Thursday, March 7, 2013

Gone Girl is a Page-Turning Mystery Thriller for Anyone Who Doesn't Have Much Time to Read

Gillian Flynn took her straight-forward style as a former writer for the non-intellectual (but great) Entertainment Weekly to compose New York Times Bestseller Gone Girl

It's excellent fiction, and the kind of T.C. Boyle-like breezy, quick-read storytelling (as opposed to that of more difficult scribes like David Foster Wallace or Don DeLillo) that I increasingly find myself drawn to at the point in my life when I'm raising one kid and have another on the way and have less time to read.

I suppose to truly conserve time, I could have waited for the movie, which is set to be produced by Reese Witherspoon's film company. But this was well worth reading ahead of time.

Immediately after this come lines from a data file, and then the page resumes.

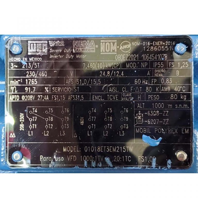 Requiere mas informacion sobre MOTOR ARMAZON 215T HP=10 RPM=1750 V=208-230/460 HZ=60 W22 01018ET3EM215TW MARCA WEG? Pulse enviar mensaje para contactar a un asesor.
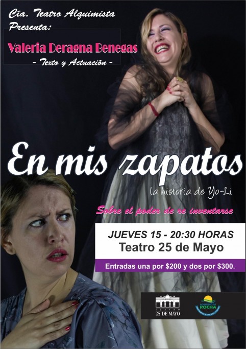 "En mis zapatos" es la historia de Yo-Li, y es la historia de una mujer contada en forma no lineal, con simpleza y profundidad. La protagonista de la historia, Valeria Deragña Benegas, cuenta su infancia con ternura, los conflictos familiares y su visión del mundo. Un acontecimiento en medio de esa historia cambia su vida rotundamente.
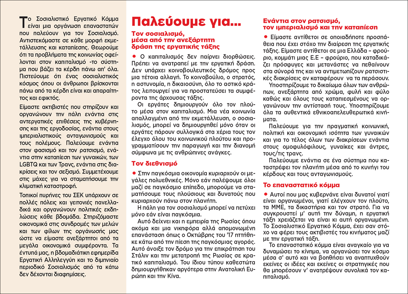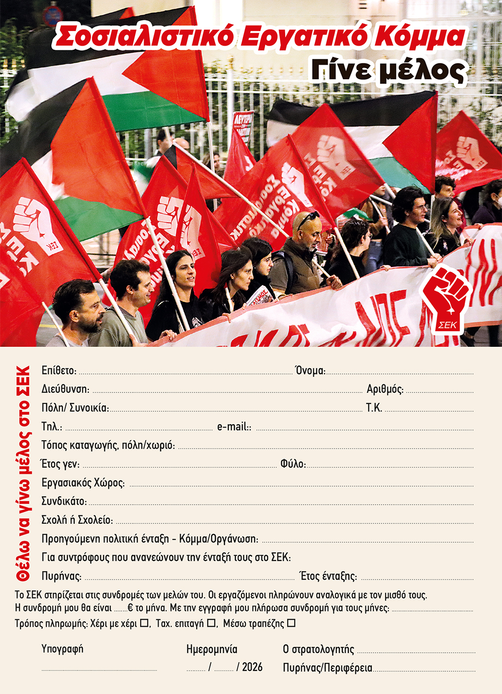 Για συντρόφους/ισσες που ανανεώνουν την ένταξή τους στο ΣΕΚ:
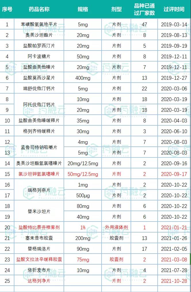 视同通过一致性评价品种(标红的为首家)
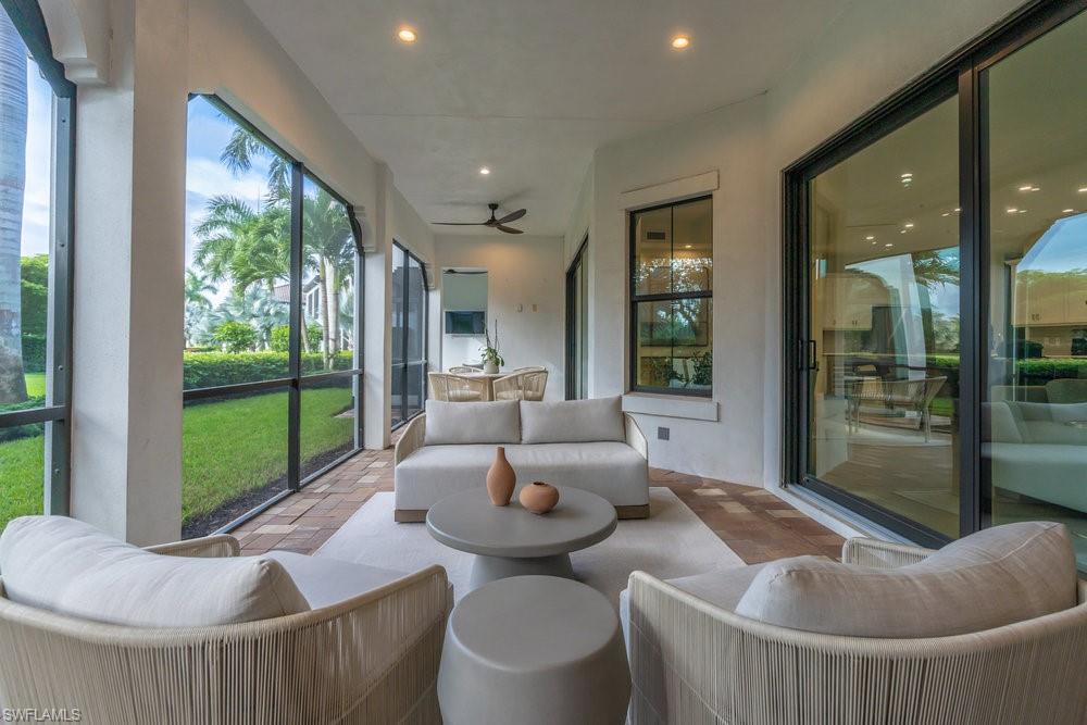 NEW TO MARKET... Available now seasonally December 1, 2025 through April 30, 2026 at $17,000 per month, annual or off-season $10,000 per month May 2026-Sept 2026. Sports Membership Transfer Available! First-Floor `Messina` Model Coach Home with attached two car garage located in the Corsica subdivision of Talis Park. 2,532 sq ft under air includes 3 bedrooms, 3 full ensuite bathrooms and powder room. All brand-new furnishings. Upgraded light fixtures and recessed LED lighting. Freshly painted and new flooring in bedrooms and closets. No carpet. Corner residence, very private end unit. Equipped with KitchenAid appliances, including a brand-new 2024 refrigerator, beverage/wine cooler, natural gas range, a walk-in pantry, and an oversized island that opens to the bright and airy living and dining spaces. The primary suite includes double sinks, soaking tub, and two spectacular walk-in closets. Enjoy barbecuing on a built-in grill at your private outdoor kitchen located in a screened in lanai. Lush, landscaped backyard area includes a fire pit. Walking distance to the Sports Complex (lap pool, grill, Bocce ball and lighted Tennis & Pickleball courts near the south entry gate). Various restaurants, gym, and activities at the main clubhouse. Located in North Naples Talis Park offers an award winning recently renovated golf course and driving range designed by Greg Norman and Pete Dye.
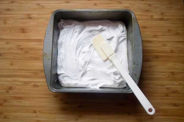 Preparar un molde para hornear de 8 x 8 frotando la parte inferior y los lados con tocino filtrada, o con aerosol de cocina antiadherente. Volcar 1/3 de la malva común base en el molde y extender con una espátula de goma, creando pequeños, irregulares "chuletas" en la superficie de la melcocha; Esto creará una línea ondulada entre las capas rojas y blancas.

Nick and Amy Dunne are writers in New York City who lose their jobs and have to move back to Nick's hometown not far from Hannibal and St. Louis, Missouri. Their marriage begins to show major cracks until Amy suddenly disappears and Nick becomes the focal point of a homicide investigation.

The trick of making the story alternately narrated by Nick and Amy provides the suspense, as the reader doesn't know whose conflicting story to trust. But both are tremendously well fleshed-out characters. Gone Girl is an innovative who-done-it crime mystery.